Conyers’s amendment also would allow credit unions and smaller banks to opt out of the negotiations. And it would require merchants to pass along to customers any reductions in interchange fees secured through the negotiations. Banks, in turn, would be forced to pass any fee increases onto customers or employees.

The Electronic Payments Coalition remained opposed to the bill despite the late changes.

“Nowhere in the [manager’s] amendment does it say that consumers will save so much as a penny on a gallon of gas or a gallon of milk,” the coalition said in a statement released before the markup.

Another amendment, pushed by the banks and offered by Rep. Debbie Wasserman Schultz (D-Fla.), would have required merchants to pass through 100 percent of their fee reductions. It failed.

The panel also voted down two other amendments sought by banks. Both would have limited the antitrust exemption to smaller merchants—in one case, to those with fewer than 50 employees and, in the other case, to those with fewer than 5,000.

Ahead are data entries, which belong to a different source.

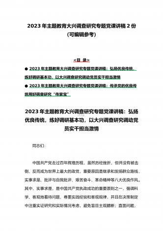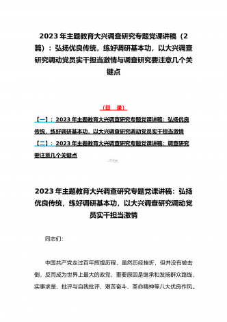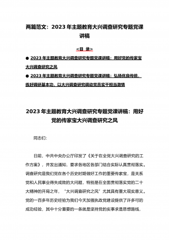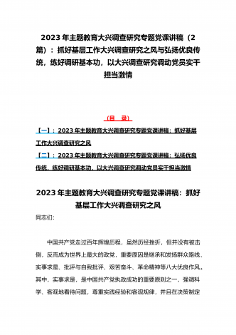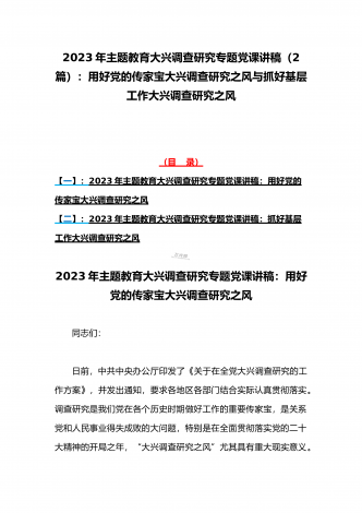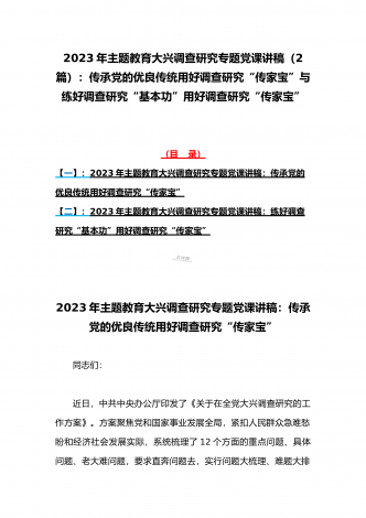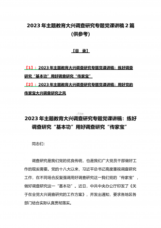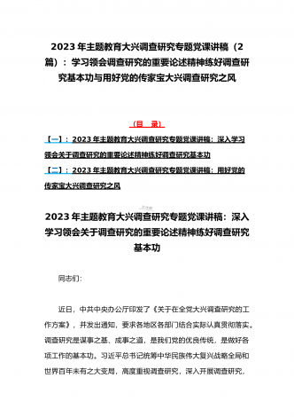 2023年主题教育大兴调查研究专题党课讲稿(2篇):练好调查研究“基本功”用好调查研究“传家宝”与深入学习领会关于调查研究的重要论述精神练好调查研究基本功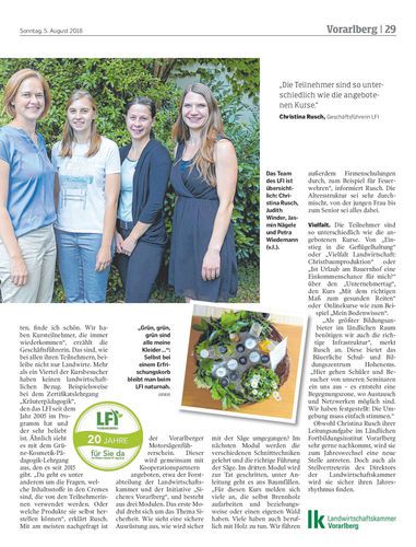 Das Ländliche Fortbildungsinstitut Vorarlberg (LFI) ist die Erwachsenenbildungseinrichtung der Landwirtschaftskammer und der größte Bildungsanbieter im ländlichen Raum.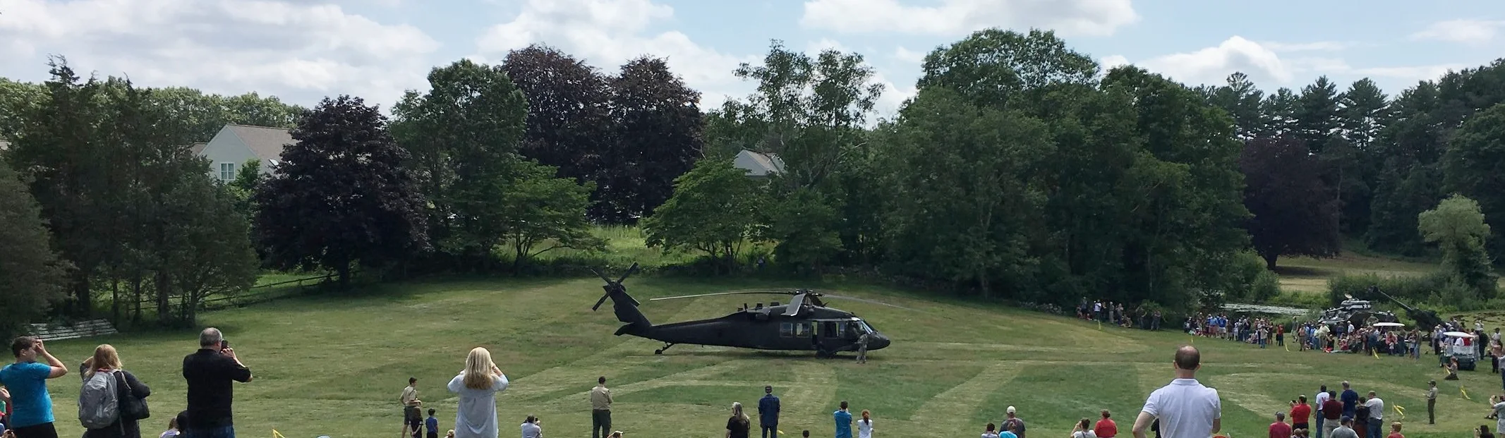 In fact that is already happening. For the past several years the Wenham Museum has rented the grounds for their Military History Day. Last July nearly 1000 visitors came to the Homestead for all kinds of military activities – military reenactments, displays of military memorabilia, and military vehicles including a tank. The highlight was the landing of a Blackhawk helicopter on the Patton grounds.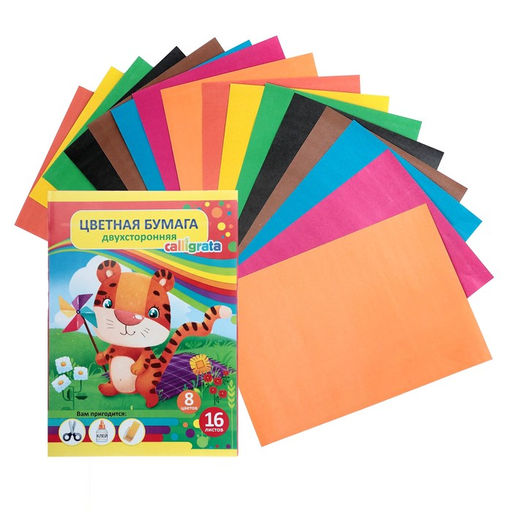 Бумага цветная А4, 16 листов, 8 цветов, газетная, двусторонняя, в папке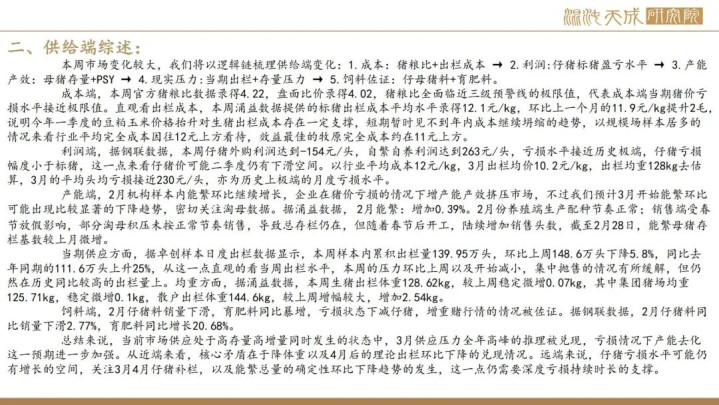 转头来说,现时市集供应处于高存量高增量同期发生的景色中,3月供应压力全年岑岭的推理被终了,亏本情况下产能去化这一预期进一步加强。从近端来看,中枢矛盾在于降体重以及4月后的表面出栏环比下降的终了情况。远端来说,仔猪亏本水平可能仍有增长的空间,宽恕3月4月仔猪补栏,以及能繁总量的详情趣环比下降趋势的发生,这一丝仍需要深度亏本握续时长的撑握。

Members of the merchant lobby praised the bill. One coalition lobbyist argued, for example, that it made good policy sense to have the Justice Department report back to Congress on the negotiations.

“This is a very good-sized antitrust exemption. Congress will need to follow its effectiveness closely,” Carl Thorsen of American Continental Group said.

Asked whether lawmakers might weigh in on the negotiations, he guessed they would if one of the parties wasn’t acting in good faith.



“That would be a problem for the members of Congress, because with the passage of this legislation they are investing themselves in fixing this broken marketplace,” he said.

DoJ and the Federal Trade Commission have raised concerns about the legislation in letters to Rep. Lamar Smith (R-Texas), the panel’s ranking member.

Keith B. Nelson, principal assistant deputy attorney general at DoJ, wrote that the department has historically opposed sector-specific antitrust exemptions and believes that they are justified only in rare cases.

He also said the legislation could harm consumers not help them.